The Chamber of Deputies () is a federal legislative body and the lower house of the National Congress of Brazil. The chamber comprises 513 deputies, who are elected by proportional representation to serve four-year terms. The current President of the Chamber is the Deputy Arthur Lira (PP-AL), who was elected on 1 February 2021.

Structure 
The number of deputies elected is proportional to the size of the population of the respective state (or of the Federal District) as of 1994. However, no delegation can be made up of less than eight or more than seventy seats. Thus the least populous state elects eight federal deputies and the most populous elects seventy. These restrictions favour the smaller states at the expense of the more populous states and so the size of the delegations is not exactly proportional to population.

Elections to the Chamber of Deputies are held every four years, with all seats up for election.

Federal representation
A census held every 10 years by the Brazilian Institute of Geography and Statistics is used as the basis for the distribution of the seats. Proportionality is followed as a principle, with the exception that there should be a minimum of eight (8) members and a maximum of seventy (70) members per state. Per the 2010 census, states with 3,258,117 inhabitants upwards have 9 to 70 deputies. 
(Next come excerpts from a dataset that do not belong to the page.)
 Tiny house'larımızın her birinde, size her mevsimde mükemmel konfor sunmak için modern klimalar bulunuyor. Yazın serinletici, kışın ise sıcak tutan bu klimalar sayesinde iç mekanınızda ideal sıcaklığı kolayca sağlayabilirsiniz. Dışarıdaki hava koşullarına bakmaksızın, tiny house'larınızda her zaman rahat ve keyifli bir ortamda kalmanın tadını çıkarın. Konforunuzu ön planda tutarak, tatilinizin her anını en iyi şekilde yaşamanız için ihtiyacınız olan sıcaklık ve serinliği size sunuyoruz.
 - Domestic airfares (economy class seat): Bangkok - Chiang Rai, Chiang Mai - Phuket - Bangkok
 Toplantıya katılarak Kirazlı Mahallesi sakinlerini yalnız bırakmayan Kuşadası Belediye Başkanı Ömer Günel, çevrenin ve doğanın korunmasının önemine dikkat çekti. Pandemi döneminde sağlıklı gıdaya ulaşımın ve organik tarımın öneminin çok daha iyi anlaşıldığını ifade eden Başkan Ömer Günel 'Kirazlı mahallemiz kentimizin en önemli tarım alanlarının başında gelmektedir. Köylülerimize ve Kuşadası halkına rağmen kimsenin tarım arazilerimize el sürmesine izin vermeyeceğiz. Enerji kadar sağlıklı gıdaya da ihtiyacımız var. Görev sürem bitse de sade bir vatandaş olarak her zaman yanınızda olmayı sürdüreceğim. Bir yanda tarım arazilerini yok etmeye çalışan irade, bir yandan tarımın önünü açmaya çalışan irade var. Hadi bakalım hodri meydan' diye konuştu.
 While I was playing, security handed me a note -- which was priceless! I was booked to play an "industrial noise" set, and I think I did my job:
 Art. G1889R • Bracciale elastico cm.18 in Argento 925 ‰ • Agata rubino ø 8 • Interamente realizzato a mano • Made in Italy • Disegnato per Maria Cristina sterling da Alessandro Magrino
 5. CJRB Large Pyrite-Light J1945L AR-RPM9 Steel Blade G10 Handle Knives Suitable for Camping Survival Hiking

As a result, although most states hover around an average of 362,013 inhabitants by deputy (per the 2010 census), some states with smaller populations have a much lower average, such as Roraima (1 for 51,000 inhabitants).

Present composition

Partisan blocs composition
Partisan bloc leadership is organized into the following roles:
 Government Leader: elected by members of the party of the Cabinet in the Chamber to speak on behalf of the cabinet
 Majority Leader: elected by the leaders of the majority bloc in the Chamber, usually in support of the Cabinet
 Opposition Leader: elected by the members of the largest party in opposition to the Cabinet
 Minority Leader: elected by the leaders of the minority bloc, usually in opposition to the Cabinet

Bodies
The House of Deputies is composed of the Bureau of the Chamber of Deputies of Brazil by College Leaders and the Commissions, which can be permanent, temporary, or special inquiry.
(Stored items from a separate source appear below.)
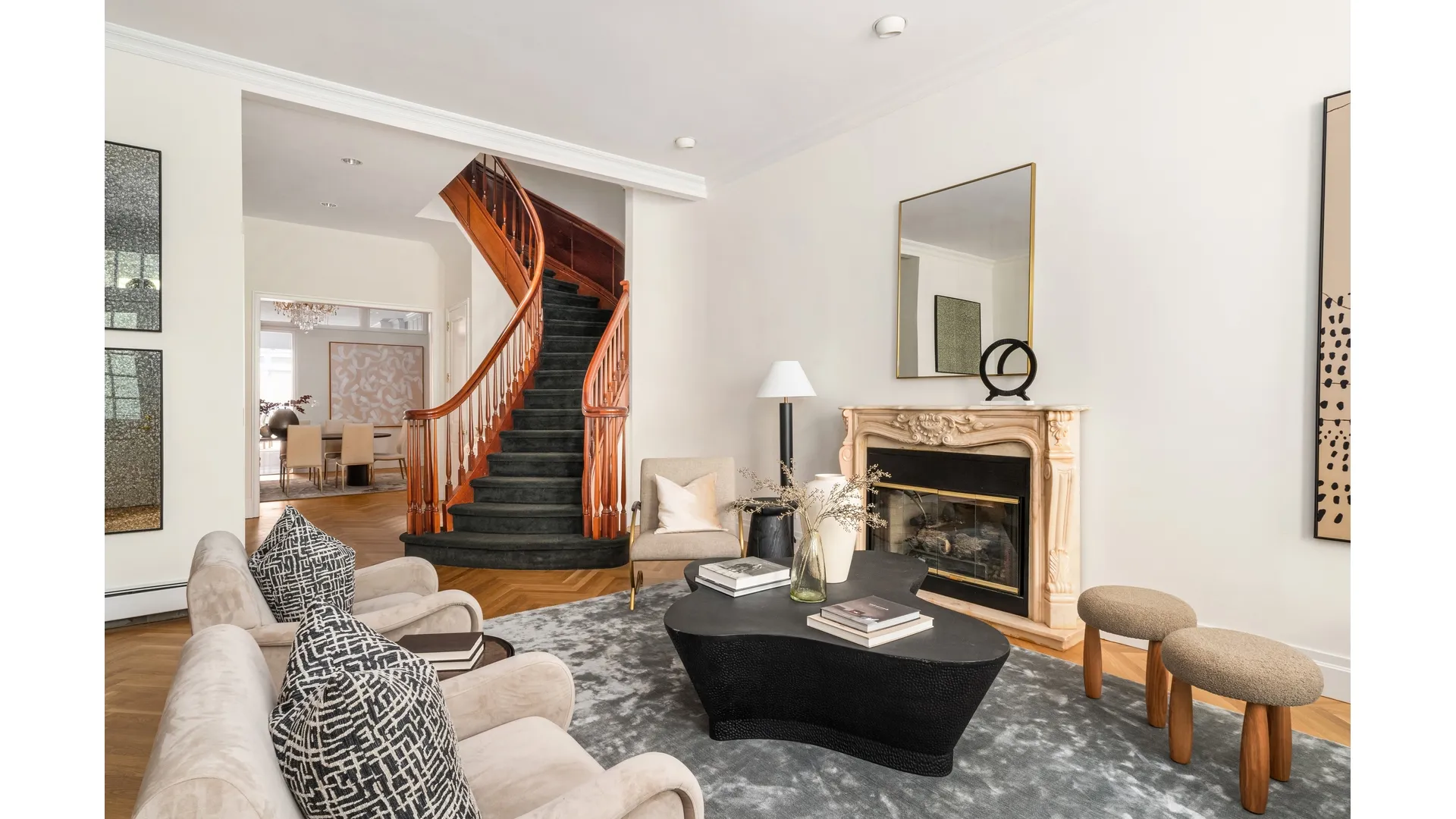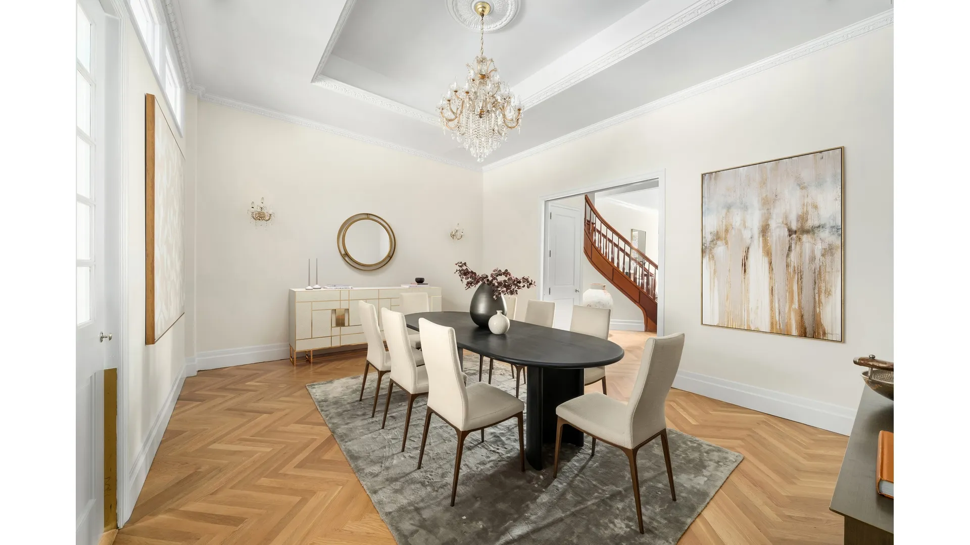 The interiors are designed to balance grandeur and livability. The parlor floor evokes a loft-like openness, featuring expansive living and dining areas anchored by a showpiece chef’s kitchen with direct access to a large private terrace-ideal for entertaining on an intimate or grand scale. The seven-bedroom layout is crowned by a top-floor primary suite, boasting a marble-clad bathroom, abundant storage, and an adjoining double-height library/study that opens to a private terrace with roof access.
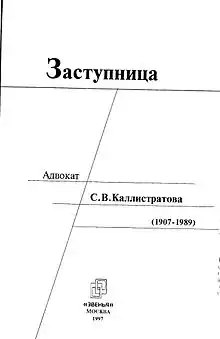 - ↑ "Страница 1 из 75: Заступница: Адвокат С.В. Каллистратова - сост. Печуро Е." lib.web-malina.com.
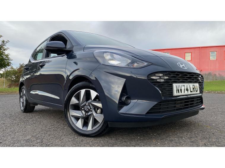 Hyundai i10 1.0 [63] Advance 5dr [Nav] Petrol Hatchback, , The Hyundai i10 1.0 [63] Advance 5dr [Nav] Petrol Hatchback is a fantastic choice for anyone seeking a compact, efficient, and practical city car. Finished in a sleek grey, this particular model is remarkably low mileage, having covered just 1, 512 miles since its registration in 2024/74, making it almost brand new. Powered by a 1.0-litre petrol engine delivering 63 horsepower, it offers excellent fuel efficiency and easy maneuverability, perfect for urban driving and tight parking spaces. The Advance trim level adds a touch of sophistication and convenience, including an integrated navigation system to help you find your way effortlessly. Safety is a priority with this Hyundai i10, featuring Isofix child seat preparation for secure and easy installation of child seats, making it a great family-friendly option. Additional features include air conditioning, Bluetooth connectivity, electric front windows, and a touchscreen infotainment system, ensuring comfort and connectivity on the go. The 5-door hatchback layout enhances practicality, offering easy access to the rear seats and decent boot space for a car of its size. Its low insurance group rating also makes it economical to run, especially appealing to new drivers or those looking to save on costs. Overall, the Hyundai i10 Advance is a stylish, efficient, and well-equipped small car ideal for city life.
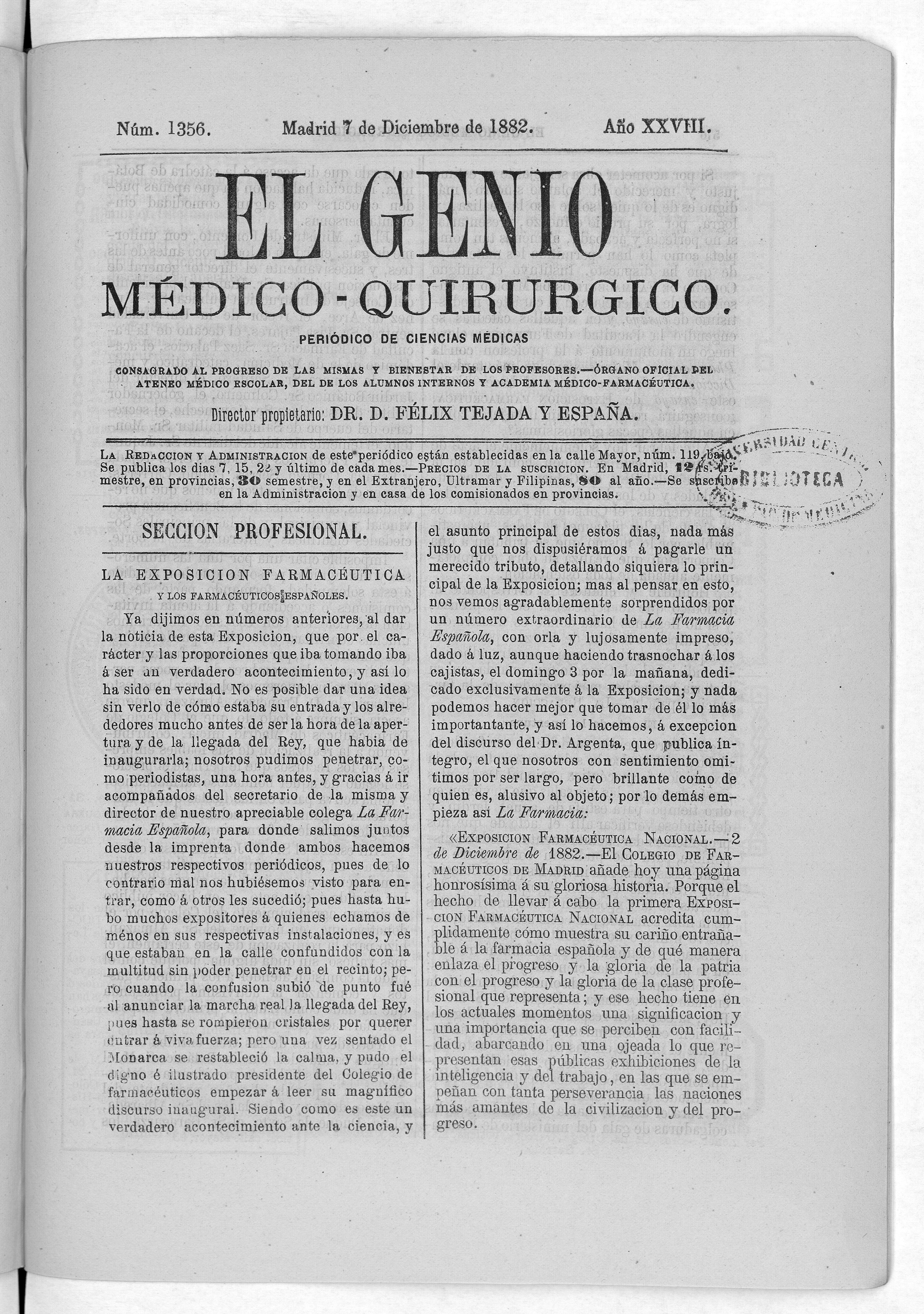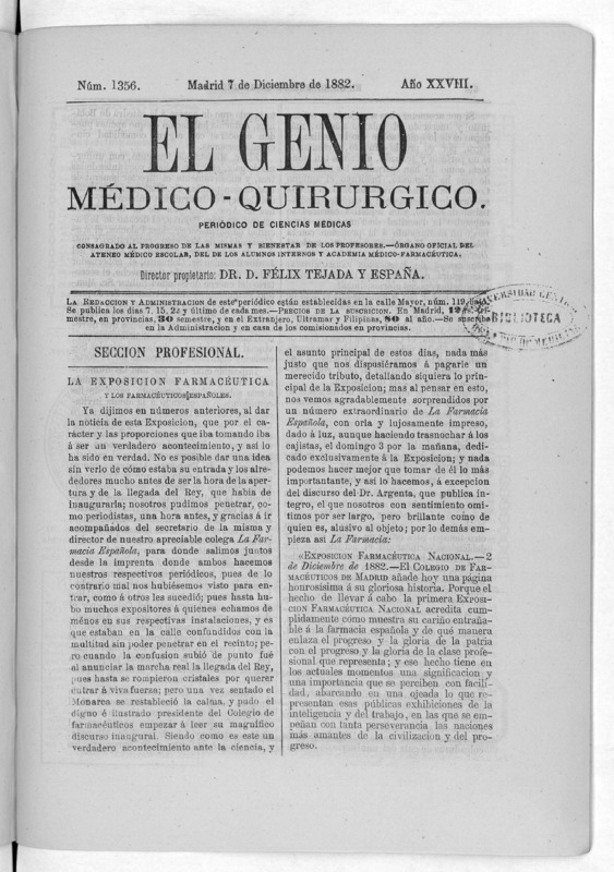Parte de El Genio médico-quirúrgico : periódico de ciencias médicas ‐ [1882, Vol. 28, n. 1366-1393, 1340-1359.]

Bureau of the Chamber of Deputies of Brazil
The current composition of the Board of the Chamber of Deputies is the following:

President: Arthur Lira (PP-AL)
1st Vice President: Marcos Pereira (Republicanos-SP) 
2nd Vice President: Sóstenes Cavalcante (PL-RJ) 
1st Secretary: Luciano Bivar (UNIÃO-PE) 
2nd Secretary: Maria do Rosário (PT-RS) 
3rd Secretary: Júlio Cesar (PSD-PI) 
4th Secretary: Lucio Mosquini (MDB-RO) 
1st Substitute: Gilberto Nascimento (PSC-SP) 
2nd Substitute: Pompeo de Mattos (PDT-RS) 
3rd Substitute: Beto Pereira (PSDB-MS) 
4th Substitute: André Ferreira (PL-PE)

Standing committees 

On 6 March 2012, was defined division of committees between parties. The House President, Marco Maia, believes that the proportionality between the parties / blocs must take into account the data of the last election. Thus, PT and PMDB, with the highest benches, were three committees (the PT made the choice first). DEM and PSDB, the two largest opposition, were two commissions each. On the other hand, PSD, most harmed by this decision, filed a lawsuit in the Supreme Court (STF) trying to reverse this decision.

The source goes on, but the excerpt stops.